#### DATA FOR THIS EXERCISE
↓↓↓
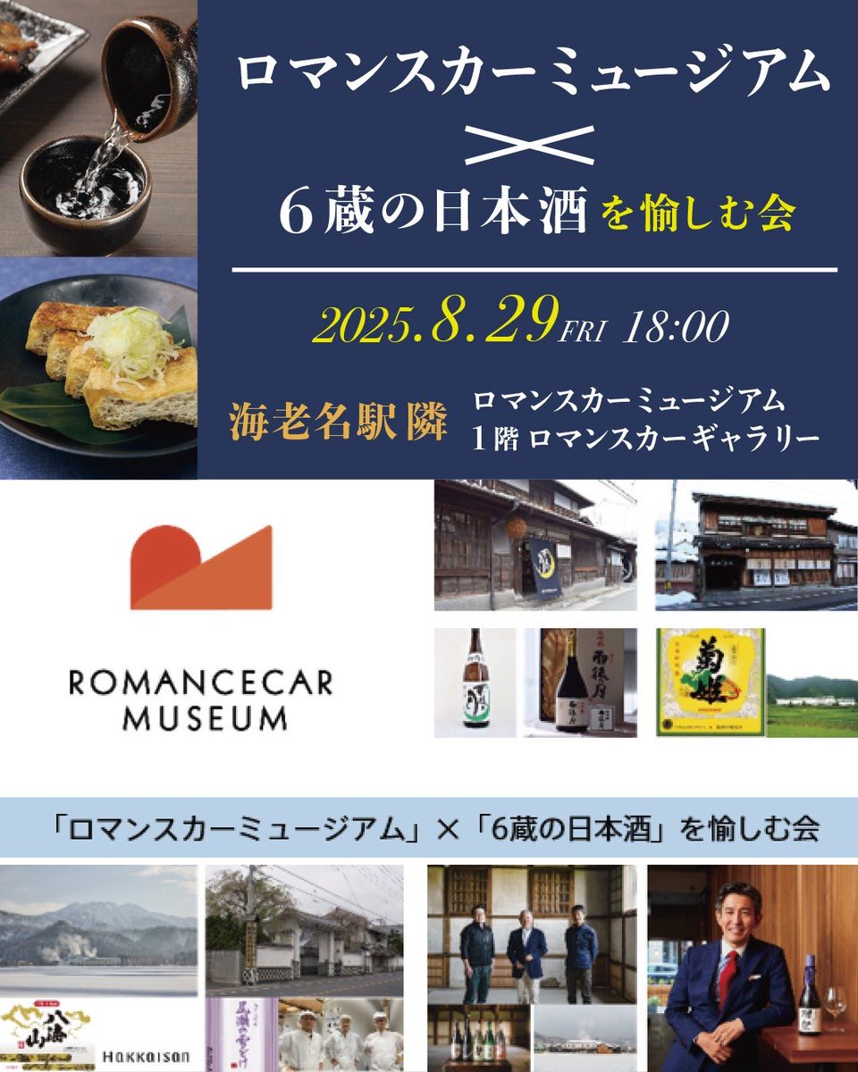 8/29(金)18:00〜20:00#ロマンスカーミュージアムで全国から集まる6蔵の日本酒を愉しめるスペシャルなイベントが開催されます詳細は↓↓↓(先着100名事前申込制)https://odakyu..
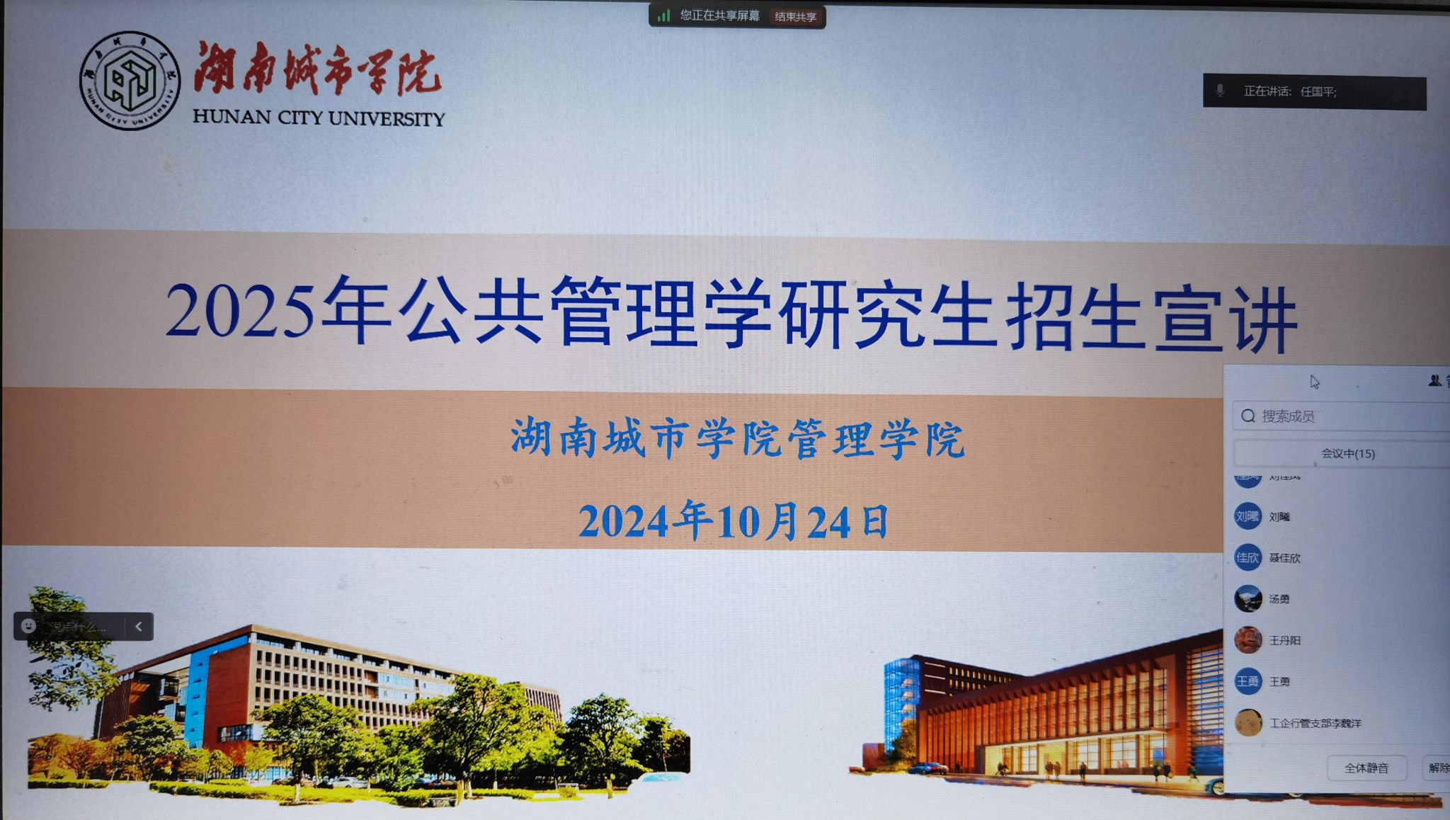 本网讯(通讯员:申翔元)2024年10月24日,管理学院通过腾讯会议平台,为湖南涉外经济学院的意向考研学生成功举办了一场线上宣讲会。副院长任国平担任主持,吸引了会计、金融等多个专业的学生积极参与。
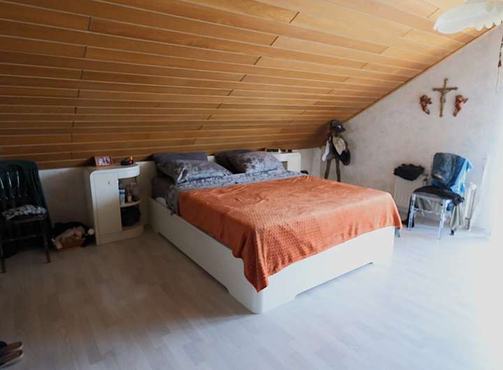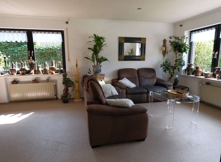 Das massiv ausgeführte freistehende und vollunterkellerte Haus mit Doppelgarage wurde 1984 gebaut. Es liegt in einer ruhigen Wohnumgebung. Der Garten ist sowohl vor als hinterm Haus und bietet viel Ruhe und Privatsphäre. Links, vor der Garage ist viel Platz für Fahrzeuge. In 2016 wurde das Wohnzimmer vergrößert, in 2017 wurde das Dach neu eingedeckt.
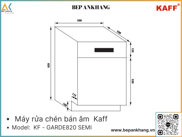 Máy rửa chén âm bán phần KAFF KF - GARDE820 SEMI - Made in Turkey
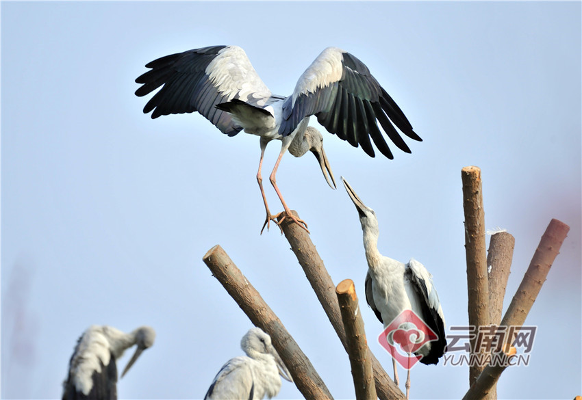 甸溪湿地数千只钳嘴鹳形成靓丽风景线
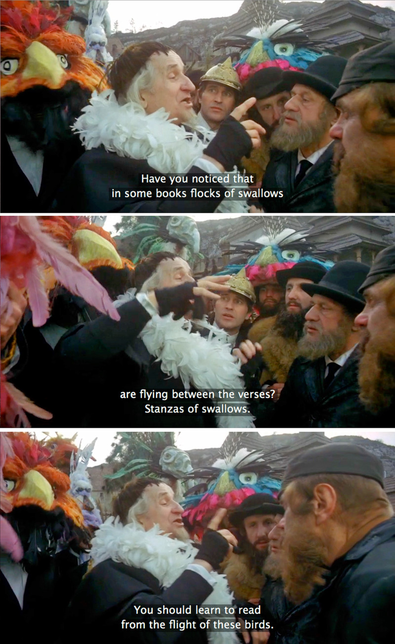"Have you noticed that in some books flocks of swallows are flying between the verses? Stanzas of swallows. You should learn to read from the flight of these birds." This we learn in The Hourglass Sanatorium (1973, Poland), a dreamy film about bending time, the nature of death, eternal recurrence, and the atrocities of World War II.
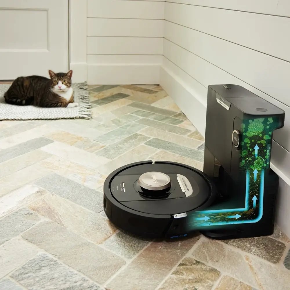 Po každom čistení robot automaticky vyprázdni svoju zabudovanú nádobu na prach do bezvreckovej základne ktorá pojme až 60 dní nečistôt a úlomkov. Nechajte svojho robota, aby za vás zvládal každodenné upratovanie bez potreby každodenného vyprázdňovania.
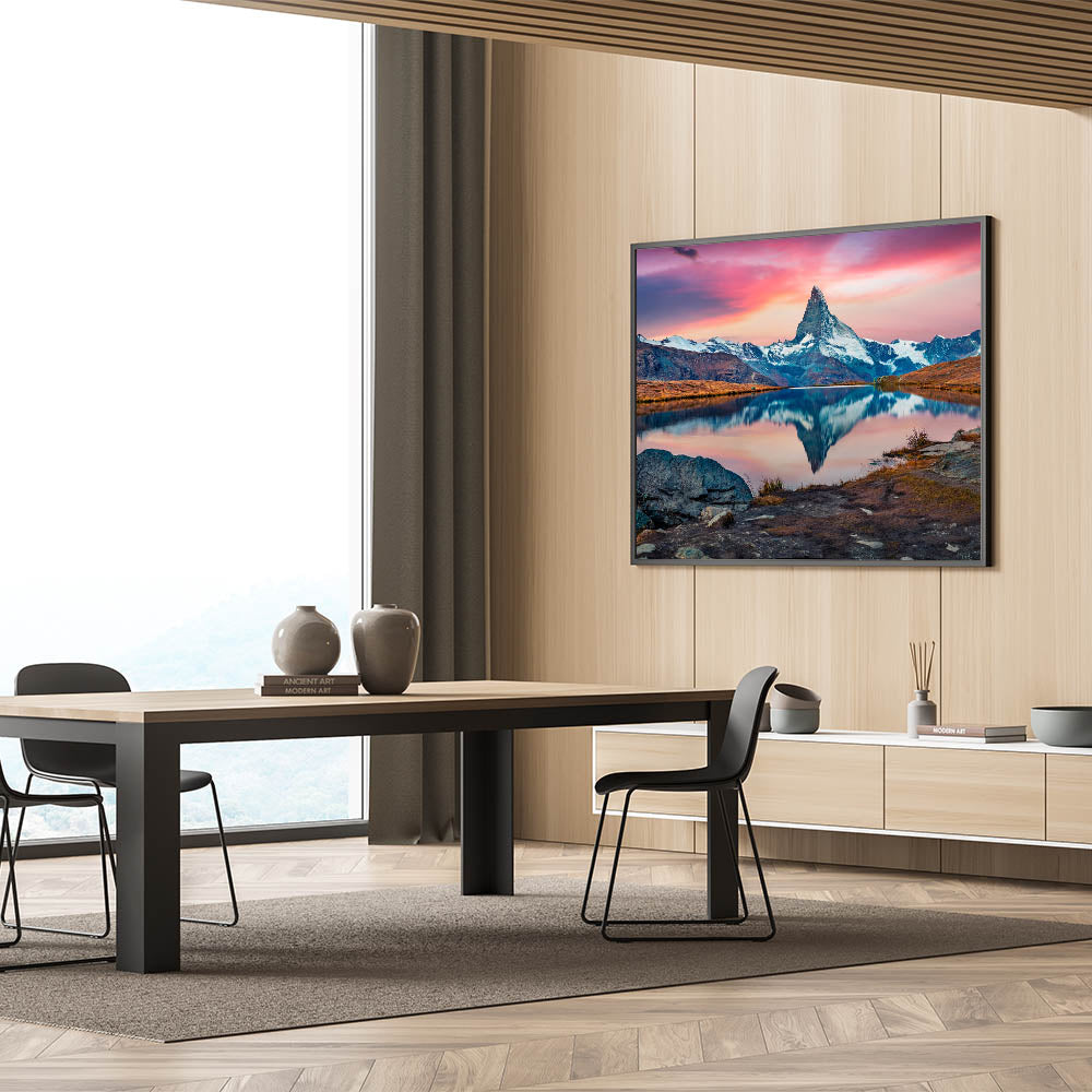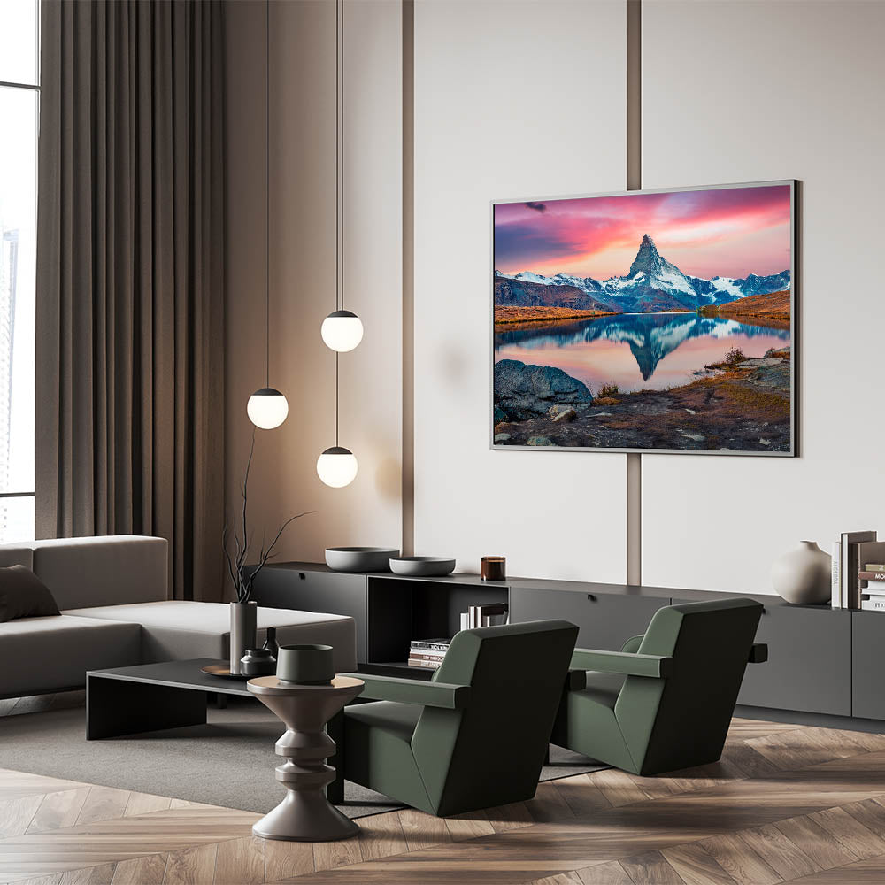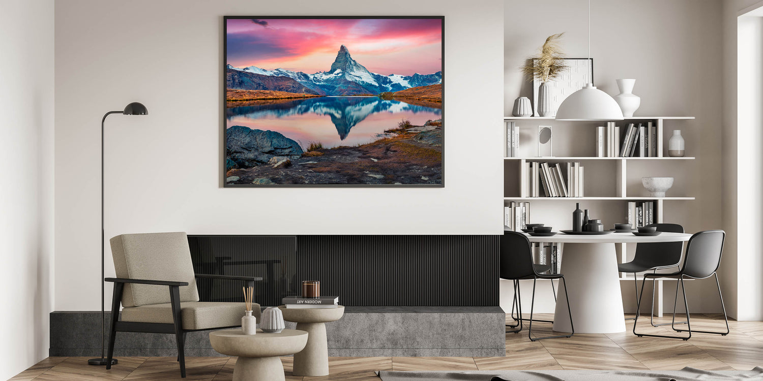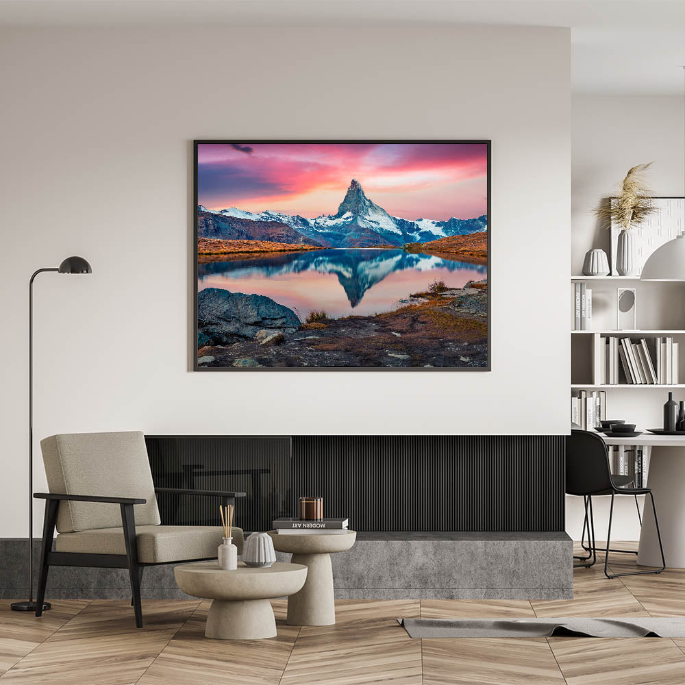 Experience the awe-inspiring beauty of nature with this majestic mountain sunset art. The vivid colors of the setting sun reflect off the tranquil waters, creating a stunning visual that perfectly captures the serene grandeur of the mountains. This mountain landscape print is ideal for adding a touch of natural beauty and dramatic color to any room.
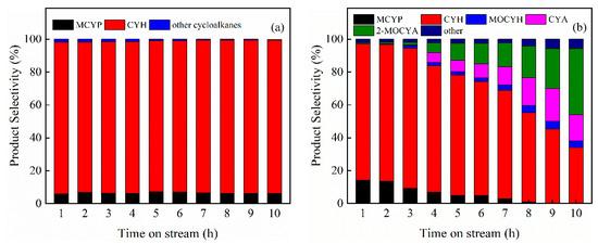 Product selectivity as a function of time on stream over (a) Pt/hZSM-5 and (b) Pt/cZSM-5 catalysts (MCYP: methylcyclopentane, CYH: cyclohexane, MOCYH: methoxycyclohexane, CYA: cyclohexanol, 2-MOCYA: 2-methoxycyclohexanol).
↑↑↑
#### PROMPT
Each line of the material goes into your copy unchanged, but no picture does.

#### REPLY TO THE TASK
 8/29(金)18:00〜20:00#ロマンスカーミュージアムで全国から集まる6蔵の日本酒を愉しめるスペシャルなイベントが開催されます詳細は↓↓↓(先着100名事前申込制)https://odakyu..
 本网讯(通讯员:申翔元)2024年10月24日,管理学院通过腾讯会议平台,为湖南涉外经济学院的意向考研学生成功举办了一场线上宣讲会。副院长任国平担任主持,吸引了会计、金融等多个专业的学生积极参与。
 Das massiv ausgeführte freistehende und vollunterkellerte Haus mit Doppelgarage wurde 1984 gebaut. Es liegt in einer ruhigen Wohnumgebung. Der Garten ist sowohl vor als hinterm Haus und bietet viel Ruhe und Privatsphäre. Links, vor der Garage ist viel Platz für Fahrzeuge. In 2016 wurde das Wohnzimmer vergrößert, in 2017 wurde das Dach neu eingedeckt.
 Máy rửa chén âm bán phần KAFF KF - GARDE820 SEMI - Made in Turkey
 甸溪湿地数千只钳嘴鹳形成靓丽风景线
"Have you noticed that in some books flocks of swallows are flying between the verses? Stanzas of swallows. You should learn to read from the flight of these birds." This we learn in The Hourglass Sanatorium (1973, Poland), a dreamy film about bending time, the nature of death, eternal recurrence, and the atrocities of World War II.
 Po každom čistení robot automaticky vyprázdni svoju zabudovanú nádobu na prach do bezvreckovej základne ktorá pojme až 60 dní nečistôt a úlomkov. Nechajte svojho robota, aby za vás zvládal každodenné upratovanie bez potreby každodenného vyprázdňovania.
 Experience the awe-inspiring beauty of nature with this majestic mountain sunset art. The vivid colors of the setting sun reflect off the tranquil waters, creating a stunning visual that perfectly captures the serene grandeur of the mountains. This mountain landscape print is ideal for adding a touch of natural beauty and dramatic color to any room.
 Product selectivity as a function of time on stream over (a) Pt/hZSM-5 and (b) Pt/cZSM-5 catalysts (MCYP: methylcyclopentane, CYH: cyclohexane, MOCYH: methoxycyclohexane, CYA: cyclohexanol, 2-MOCYA: 2-methoxycyclohexanol).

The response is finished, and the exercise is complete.